WHAT TO PRODUCE: All that is needed is the first stretch of the listing below, repeated exactly and ending with the line that contains "Efficiency and output". Pictures are to be left out.

DATA EXCERPT:
[Start of section]
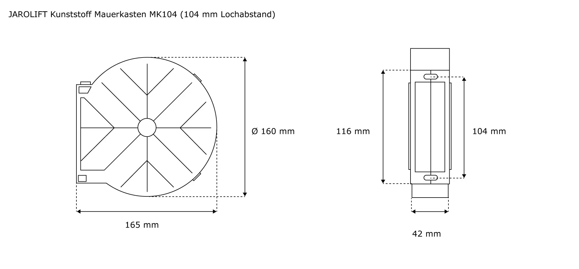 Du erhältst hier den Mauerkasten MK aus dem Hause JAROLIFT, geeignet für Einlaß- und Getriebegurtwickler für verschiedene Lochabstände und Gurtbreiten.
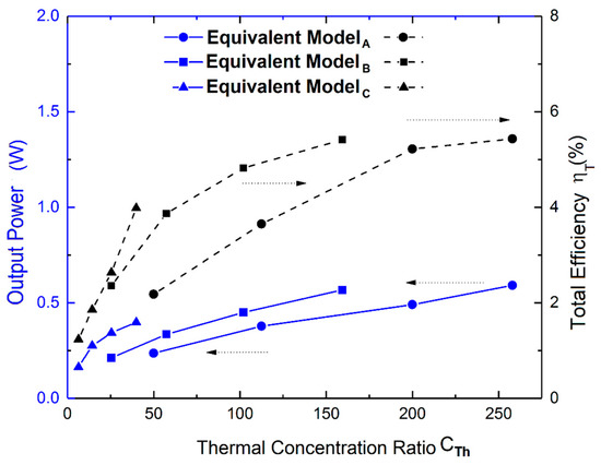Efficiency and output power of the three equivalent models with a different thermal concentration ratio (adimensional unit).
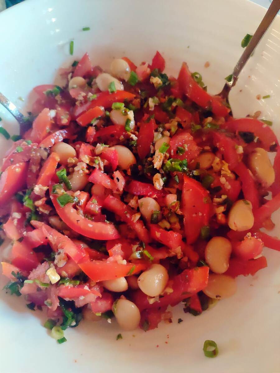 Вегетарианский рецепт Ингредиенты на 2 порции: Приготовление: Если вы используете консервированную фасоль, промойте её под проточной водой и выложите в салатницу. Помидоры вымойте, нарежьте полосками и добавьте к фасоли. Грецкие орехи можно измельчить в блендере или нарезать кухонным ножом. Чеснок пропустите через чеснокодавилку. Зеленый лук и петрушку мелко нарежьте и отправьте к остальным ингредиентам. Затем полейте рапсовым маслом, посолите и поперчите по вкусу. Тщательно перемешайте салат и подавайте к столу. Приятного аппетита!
[End of section]
WORKED SOLUTION:
 Du erhältst hier den Mauerkasten MK aus dem Hause JAROLIFT, geeignet für Einlaß- und Getriebegurtwickler für verschiedene Lochabstände und Gurtbreiten.
Efficiency and output power of the three equivalent models with a different thermal concentration ratio (adimensional unit).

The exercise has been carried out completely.